The ETAP project aims to monitor patients’ risk of falling and falls in real time and unobtrusively. It then provides feedback or alarms to care facility workers and measures whether this approach can lift some of their burden. The project focuses on detecting early signifiers like step length in older adult life with a single depth sensor. For this, a depth camera is installed, and in the pilot phase, the participants are recorded. The data is manually annotated. The EASE project aims to understand and model human motion and activity within different contexts, sensors, and sensor fusions to support the development of intelligent systems for everyday activities. The project is divided into several subprojects, with the focus of this article on the Models of Human Activity from Depth Video and Motion Capture subproject. This article collaborates with both projects and simultaneously records depth video and motion capture to understand human gait and model information in both domains. Both projects collect specific datasets: a dataset of older adults during their daily lives in care facilities (Hartmann et al., 2024), as well as of participants performing table-setting scenarios in the EASE-TSD dataset (Meier et al., 2018), on which we aim to apply the findings and models of this study.
In this article, we propose our approach utilizing classical and deep learning models to continuously monitor gait using a single depth camera. We specifically focus on skeleton estimation, stride, and step length calculation and compare different methods. This article extends our previous work (Hartmann et al., 2024), adding additional information, models and analysis. This article adds further ablation studies, sequence modeling via LSTMs, deeper analysis and figures. Furthermore, it includes comparisons of multiple step-recognition algorithms.
Methods
To continuously detect gait parameters from an individual, we focused on using a single depth camera placed in a room 2 m above ground. A motion capture suit is used for ground truth purposes in this dataset. In the ETAP project manual annotations must suffice, as we cannot ask the facility inhabitants to wear a motion capture suit. As described in Section 2.4, in this article, we focus on two main parameters: stride length and step length, as further parameters like cadence and variability can be similarly extracted once the pipeline is established.
Gait
The distinction between stride length and step length is based on the human gait cycle. A full gait cycle occurs between two consecutive initial contacts of the same foot. The gait cycle is typically distinguished into multiple consecutive phases, including the stance and swing phases. The stance phase is divided into the initial contact, loading response, midstance, terminal stance, and pre-swing.

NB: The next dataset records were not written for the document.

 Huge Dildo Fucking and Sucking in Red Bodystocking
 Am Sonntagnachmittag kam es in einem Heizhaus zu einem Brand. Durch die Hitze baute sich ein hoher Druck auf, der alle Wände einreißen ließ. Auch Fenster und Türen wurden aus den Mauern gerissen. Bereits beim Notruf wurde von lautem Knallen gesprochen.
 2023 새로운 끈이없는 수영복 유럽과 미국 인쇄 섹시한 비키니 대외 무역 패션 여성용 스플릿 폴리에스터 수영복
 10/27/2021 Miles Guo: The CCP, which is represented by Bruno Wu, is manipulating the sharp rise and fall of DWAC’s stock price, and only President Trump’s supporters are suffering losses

Conversely, the swing phase is divided into initial, mid-swing, and terminal swing, as shown in Figure 1. For further reading please refer to Whittle (2014) and Ahn and Hogan (2012). The stride length and step length are distinct in that the step length is the distance between the two feet foot (half a gait cycle), and stride length is the distance between the same foot (a complete gait cycle), as shown in Figure 2. All when the foot is in contact with the ground, for example, the mid- and terminal-stance phase.

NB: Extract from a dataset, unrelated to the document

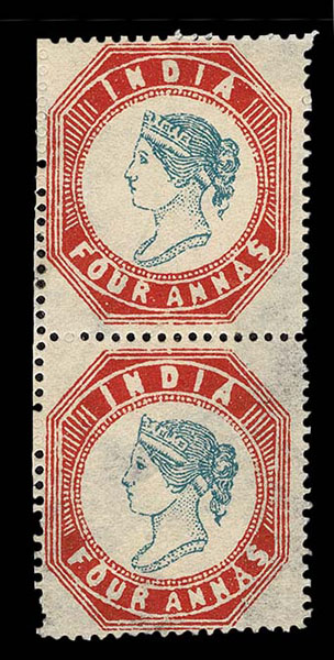 FORGERIES & FANTASIES: India : 1854 4a blue and red Vertical Pair, nice try at printing, o.g. and serrated perforations.
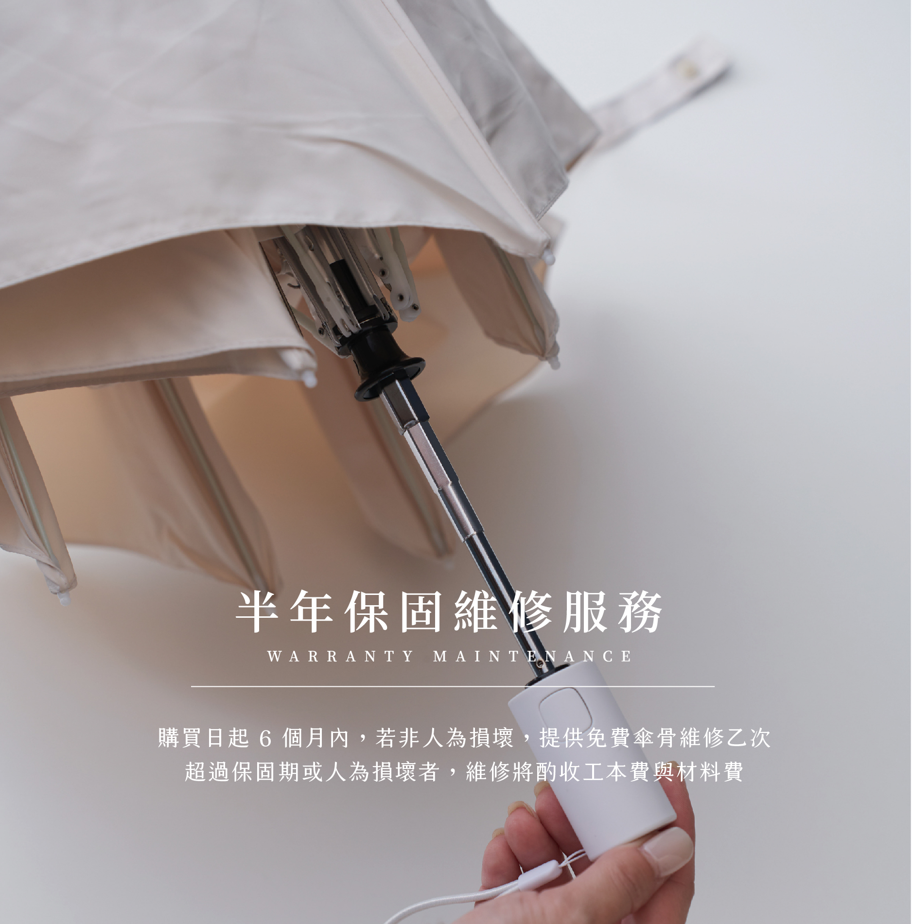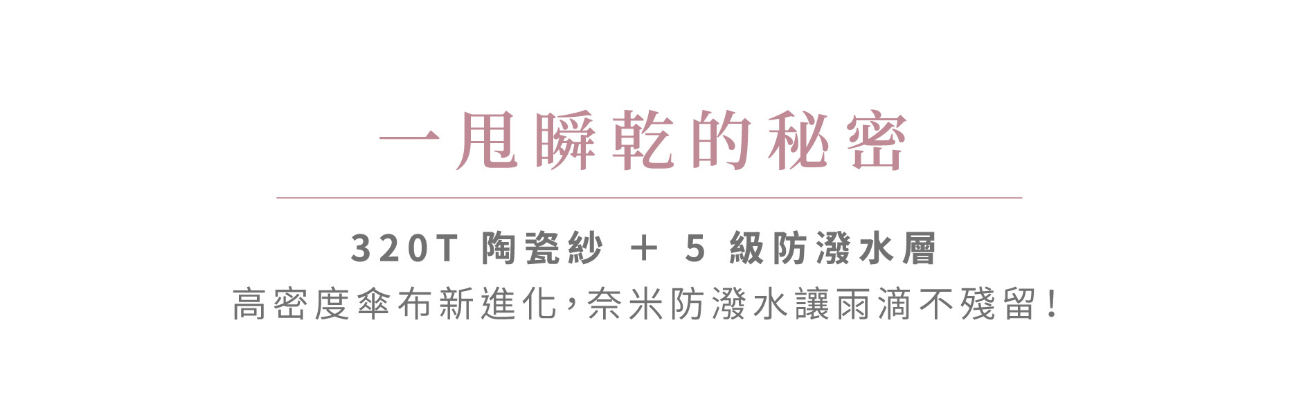 傘面搭配 320T 陶瓷紗布料及瞬乾、抗UV99%塗層,晴天雨天都能守護妳。

Gait cycle and knee angle. Left image from Whittle (2014). The left image’s gait cycle is based on the right leg (grey). Right image from Ahn and Hogan (2012).

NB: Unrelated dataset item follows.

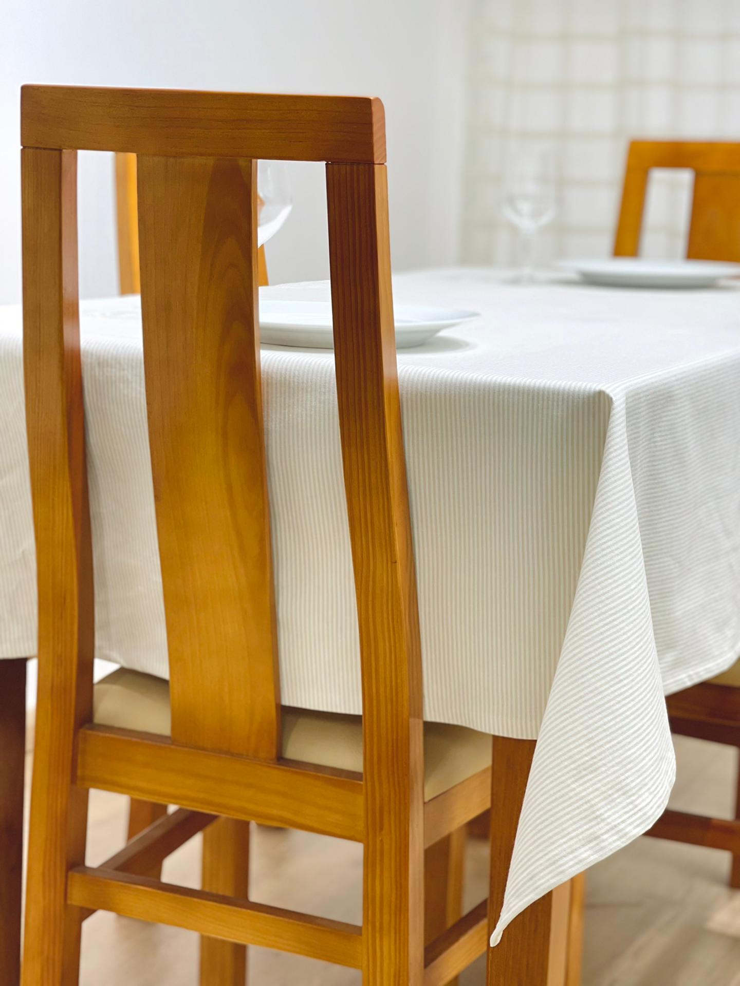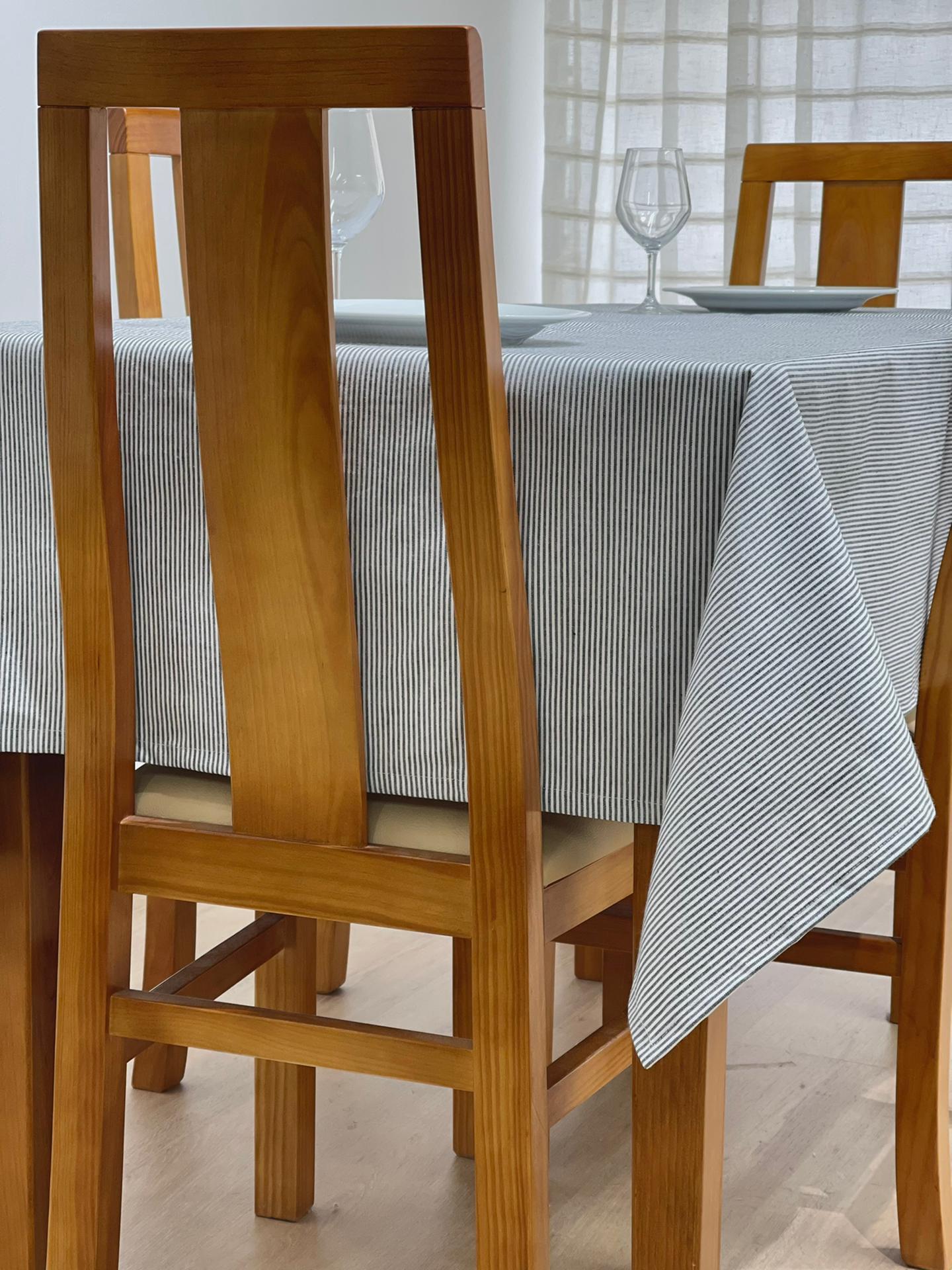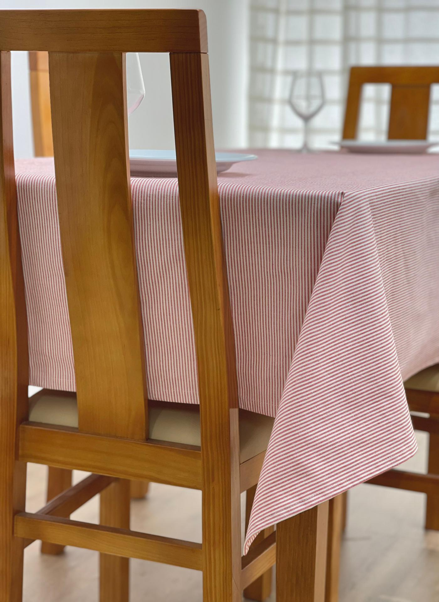 Toalha de mesa em algodão básico com riscas.

Stride and step in human gait. Image from Tekscan (2019).
The lower limbs are crucial in automatically detecting the phases in gait. Accordingly, they must be accurately determined if the gait phase and, consecutively, the stride length and step length are to be estimated correctly. Figure 1 shows the lower limb movements during gait.
We recorded our own dataset, as none of the existing datasets fit our needs perfectly. The dataset was recorded at the EASE BASE (Meier et al., 2018) using the Optitrack Motion Capture and Intel RealSense D435 depth sensor. It was recorded from one person walking freely in the room and comprised 89 min of data. It contains 157,825 frames over six sessions of 14:50 min each at 120 GB total. Of the samples, 1.50% of depth frames and 2.95% of the motion capture joints were lost to technical issues. Figure 3 shows a frame of the recorded single-channel 16-bit depth image with

Left: Colorized example image from the depth sensor. Turquoise/green is close at

Skeleton joints of the motion capture data.
The motion capture and depth cameras use active infrared emitters that influence each other’s precision when emitting simultaneously. Therefore, the RealSense depth camera was hardware synced with the Optitrack motion capture via an inversed output sync signal from the Motive software via Optitrack eSync 2 and custom input connector
2
to the RealSense.
3
The different voltages are converted to match. The inversed exposure signal has a raising edge once the motion capture emitters are turned off, which triggers the depth emitters and shutter, as shown in Figure 5. In other words, the sensors are synced to record directly after each other so the emitters do not interfere. The RealSense could technically record with 60 fps at 848

Exposure signals. The rising edge in the Optitrack exposure signal triggers a RealSense frame. Image inspired by github.com/IntelRealSense/librealsense/issues/10926 (last opened: 26-10-23).
Incomplete motion capture and missing depth frames pose challenges in machine learning. Removing incomplete or missing frames from a sequence leads to inconsistent timings, which are relevant to sequence models, specifically if multiple consecutive frames are missing. Alternatively, interpolating incomplete and missing data leads to subpar data quality. Therefore, we decided not to interpolate missing depth frames. Additionally, we evaluate both linearly interpolated and removed incomplete motion capture frames.
As stated above, the main setup objective was for the subject to move freely, which they did. On some occasions, they left the field-of-view of the depth camera but remained within the motion capture recordings. While unintended, this poses a great challenge, as it lets us simulate incomplete coverage, which will always happen in the real world and should be addressed using sequence models, specifically if the participant leaves and enters the field-of-view for only a short period.
The evaluations of all methods and their respective chapters are shown in Figure 6. The two data sources are depth frames and hardware-synced motion capture. The human pose estimation is the first evaluation in Section 3. It compares the estimated joint positions to the recorded motion capture frames. Section 4 then compares the stride length calculated from the pose estimation to the estimated and manually verified stride-length estimation based on the motion capture. Since the participant is to move freely in the laboratory, the ground truth stride lengths cannot be predetermined. They would have to be recorded alongside sensors like gait carpets or (semi-) manually annotated based on the observed depth video. We opted for the latter, which automatically estimates the stride length from the motion capture data and verifies it manually based on the depth video.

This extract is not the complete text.